Evaluating the functionality of an Industrial Internet of Things system in the Fog

Abstract: The Internet is one of the greatest innovations ever created by mankind, and it is a technical trend that has moved into industries to facilitate automation, supervision and management in the form of IoT devices. These devices are designed to be extremely lightweight and operate in low-power and lossy networks, and therefore run a low duty cycle and CPU-clock frequency to reserve battery life. Fog nodes are located on site to minimize network delay and provide centralized processing to handle data from hundreds of connected devices in wireless sensor networks. This is the future of industrial automation.

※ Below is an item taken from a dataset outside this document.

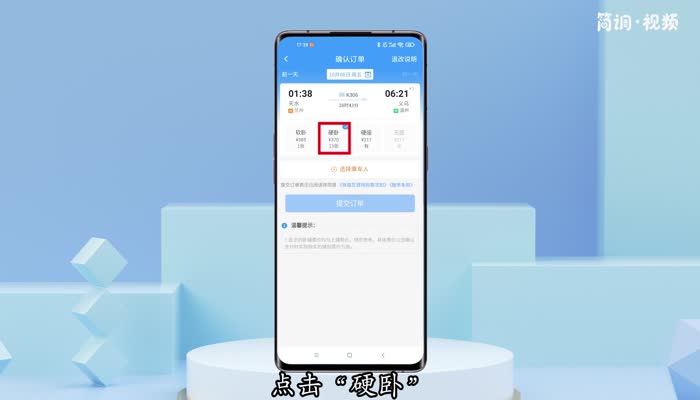 3.在订单界面,点击“硬卧”,选择旅客,然后在页面点击“提交订单”;

Our goal is to show the functionality of an industrial IoT network within the scope of Fog computing by implementing a closed-loop control system in Cooja. Performance evaluations considered network reliability in terms of packet delivery ratio and timeliness. We assume that wireless IoT devices are running RPL routing (one of the most common standard routing protocols for IoT applications). We implement a mobility controller at the Fog-server in order to collect measurements made by the Fog nodes and send commands to IoT devices. In this thesis work, we assume that the commands are related to the mobility pattern of mobile node (e.g. AGVs in industrial automation) in order to avoid collision. From the simulation results we can conclude that sampling rates and node density have a greater impact on performance compared to payload size. We cannot be sure that our results reflect what a real-world evaluation would imply as we are running an emulation software, even though it has a very realistic physical layer. We do however believe that with substantial testing and improvements to both Cooja and our implementation, an accurate representation can be accomplished and algorithms in Cooja can be moved to real-world implementations.